Searching Review: A Wildly Successful Proof-of-Concept, in More Ways Than One

Posted on the 02 September 2018 by Weminoredinfilm.com @WeMinoredInFilm

Searching, which is filmed entirely from the point-of-view of computer screens and stars John Cho as a father performing some next-level internet sleuthing while searching for his missing teenage daughter, is somehow the first mainstream Hollywood thriller to be led by an Asian man.

For some, that might be all it takes to want to support Searching and celebrate its historical significance in the push for more diversity on film. For others, that's nice and all, but is it actually a good thriller? Does John Cho keep up his current hot streak after his multi-layered performance as the beleaguered father on The Exorcist: Season 2 ( my review) and heartwarming turn opposite Haley Lu Richardson in last year's underseen Before Sunrise-esque Columbus? Or is Searching a giant misstep, a failed proof-of-concept for the notion of setting a film entirely in computer screens and/or building a thriller around an Asian lead?
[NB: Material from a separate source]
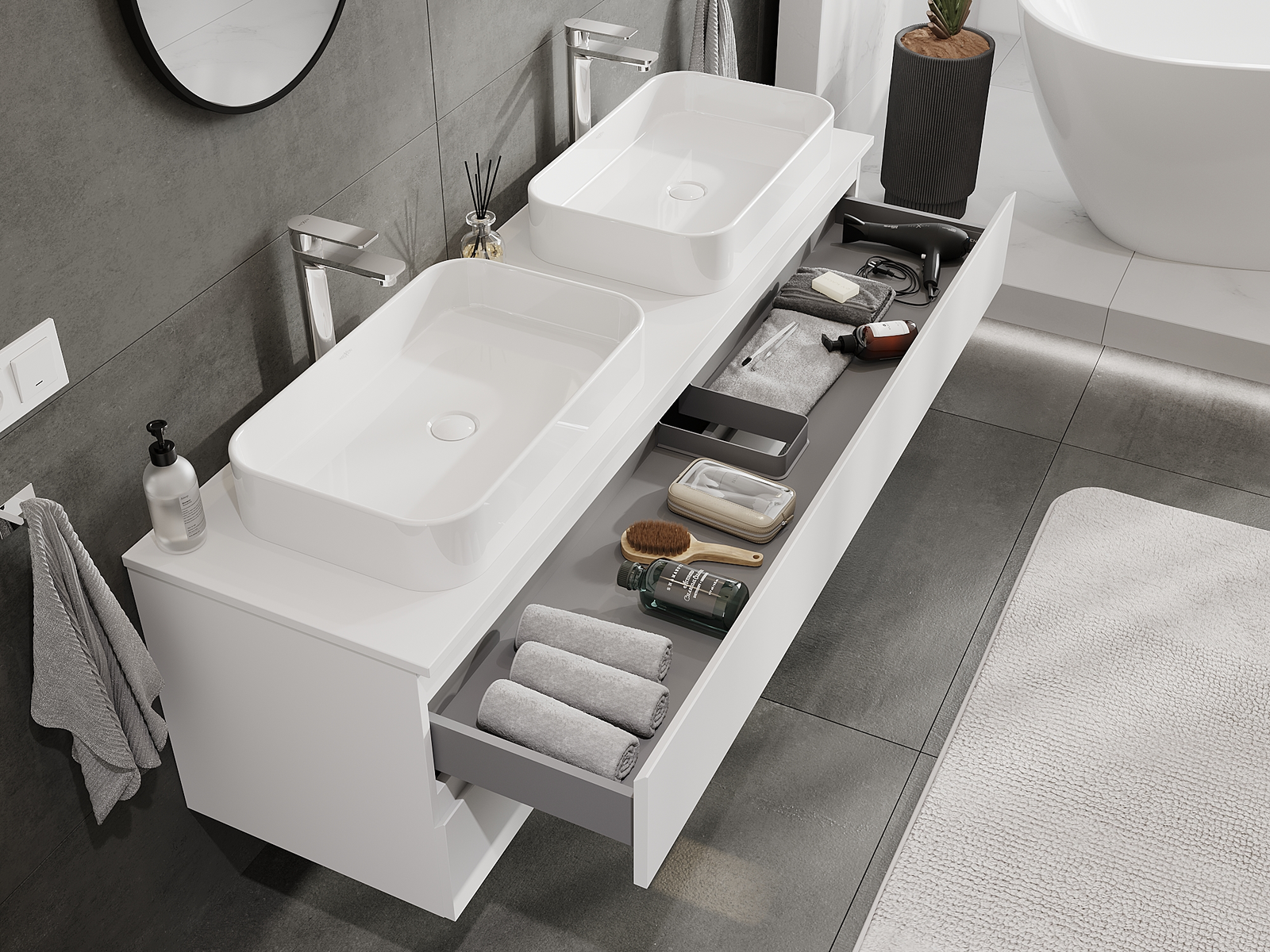 A fiókban lévő kivágás úgy van kialakítva, hogy befogadja a mosdó telepítéseknél szükséges szifont. Ennek köszönhetően a bútor teljesen funkcionálisan felszerelhető anélkül, hogy a fiók terének egy részét fel kellene áldozni a telepítés miatt.

Luckily, it's the former, not the latter. Searching is a wonderfully tense thriller which continually advances its story through the use of computer screens instead of simply sticking there because it can and looks cool. If done more traditionally, the "my daughter is missing" story laid out in the script probably wouldn't completely stand out from the crowd, apart from the ethnicity of its cast. However, when married to its still-unique central concept it gains an astonishing immediacy.

Getting past my skepticism.

I must admit, though, I was initially reluctant to go on this journey with Searching. We all spend, on average, 10 hours of our day in front of various screens, including smartphones, tablets, computers, and televisions. The latest generations of smartphones are so advanced you can now film entire movies on them and fool most audiences into thinking you actually used more advanced camera equipment. As such, it only makes sense that a new subgenre of film would develop to experiment with setting stories entirely on the black mirrors which populate our waking lives. In fact, Unfriended already tried this out 4 years ago. However, I needed some convincing this storytelling device could actually be cinematic and not just a gimmick.

So did John Cho.

Ditto for the film's director and co-writer Aneesh Chaganty.

The production history.

This all started when the Russian production company behind Unfriended approached Chaganty's producing partner and co-writer Sev Ohanian with a pitch to do use the technology and techniques they pioneered on Unfriended and apply it toward a collection of short films which could be re-packaged as a feature. Having first met at USC's film school, Chaganty at that point had moved on to working in Google's Creative Labs division in New York and Ohanian was already a successful producer behind Ryan Coogler's breakthrough first feature Fruitvale Station. They were skeptical.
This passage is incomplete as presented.